In 2007, the fog began to lift in my life and I slowly began to see that I had worth and purpose. I couldn’t see it at all before this because the fog of my addiction was to thick. However, once the fog began to lift I saw, for the first time in many years, that my dreams really could be restored and the things I had given up on and forgotten could be made alive again. I can only attribute this to a loving mother who always fought for me, even in the midst of all my craziness… and a loving God, who “drew me up from the pit of destruction.” You see, prior to becoming an active participant in the Pennsylvania Adult & Teen Challenge, Western PA program, I had no ties to a faith community. Through this faith-centered program I came to learn that I had been created in the image of God. This meant that I had worth. It meant that I had purpose. It meant that I was created with gifts and a calling. I just didn’t know any of this…

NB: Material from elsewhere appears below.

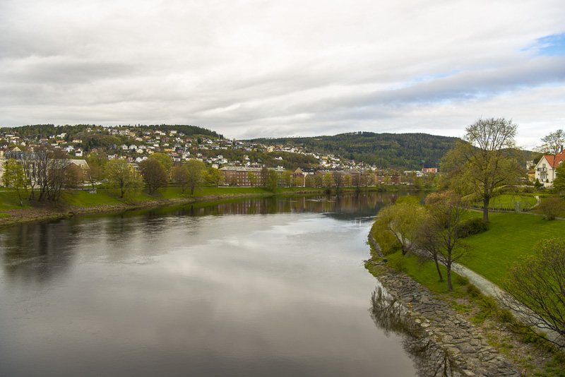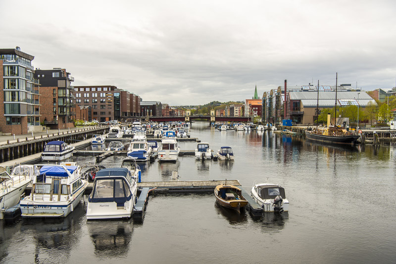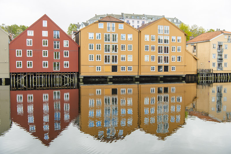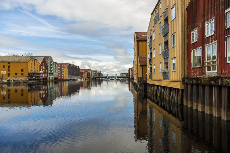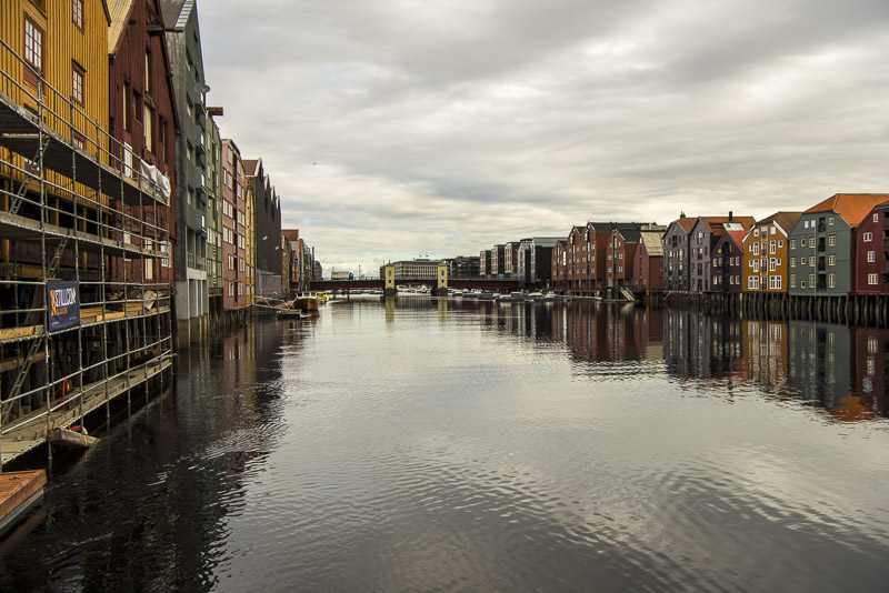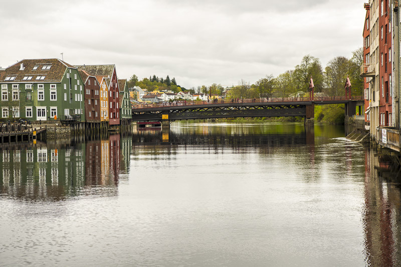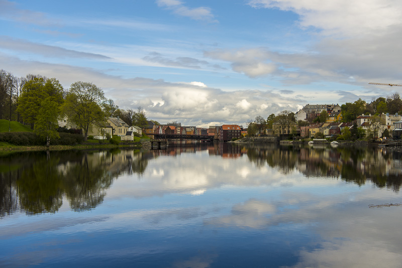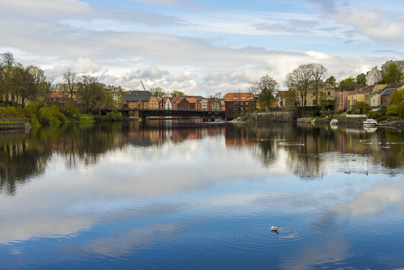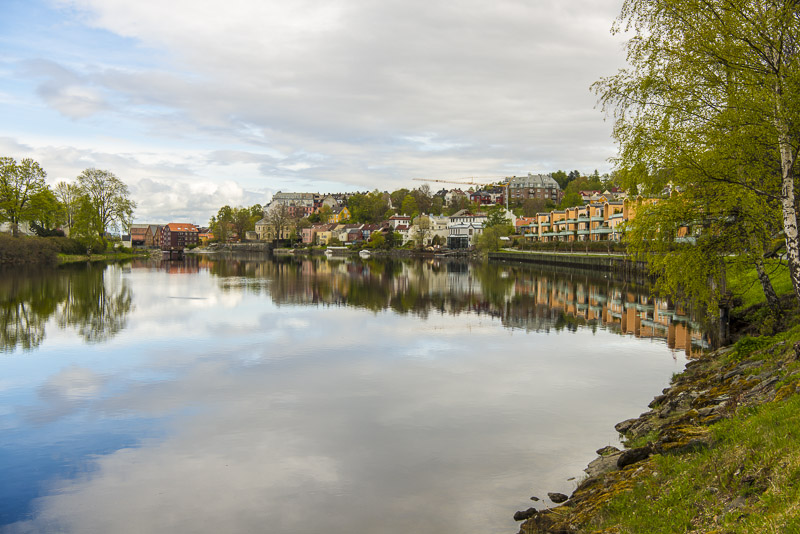 Der Nidelva - Fluss durchzieht Trondheim. Die Häuser sind bis zum Wasser gebaut, teilweise dann noch auf Pfählen errichtet.

I never planned on any of this. When God “drew me up…” He began to change me from the inside out. My life of faith was brought out of the death and addiction I was living in and I had a renewed hunger for purpose in life. I met a man named Joseph Batluck, who would mentor me when I was at the Rehrersburg campus and for many years since that time.

I never planned on reconciling with my high school girlfriend, who I emotionally hurt, and walked away from in the greatest time of need in her life. I never thought that after not seeing her or even talking to her in almost 10 years… that I would eventually ask her to marry me, and that we would have 4 beautiful children together.

I never planned on finishing my undergrad from East Stroudsburg University along with a Master’s degree from Evangelical Seminary. This wasn’t even part of my thought process…

And although there are many more victories in between, I never planned on becoming the President/CEO of Pennsylvania Adult & Teen Challenge. As I draw near to the 3-year anniversary of having the privilege to serve in this capacity, I can say with confidence…that I never thought I would have been given an opportunity…and responsibility like this.

As I sit here, I have been free from drugs and alcohol for almost 12 years and I can honestly say that it would not have happened but for the sheer grace of God. I continue to grow in every sphere of my life and as I learn more and more about life I still get to experience what it means to have the “fog lifted” in various ways, on a very regular basis.

Be encouraged, recovery is possible, your faith journey is waiting, and your dreams can be restored!

One thought on “As the fog lifts…

  1. Thank you for your message of life, Kris! I’m encouraged by the journey you have come through and the blessings you have received. Keep pushing through brother!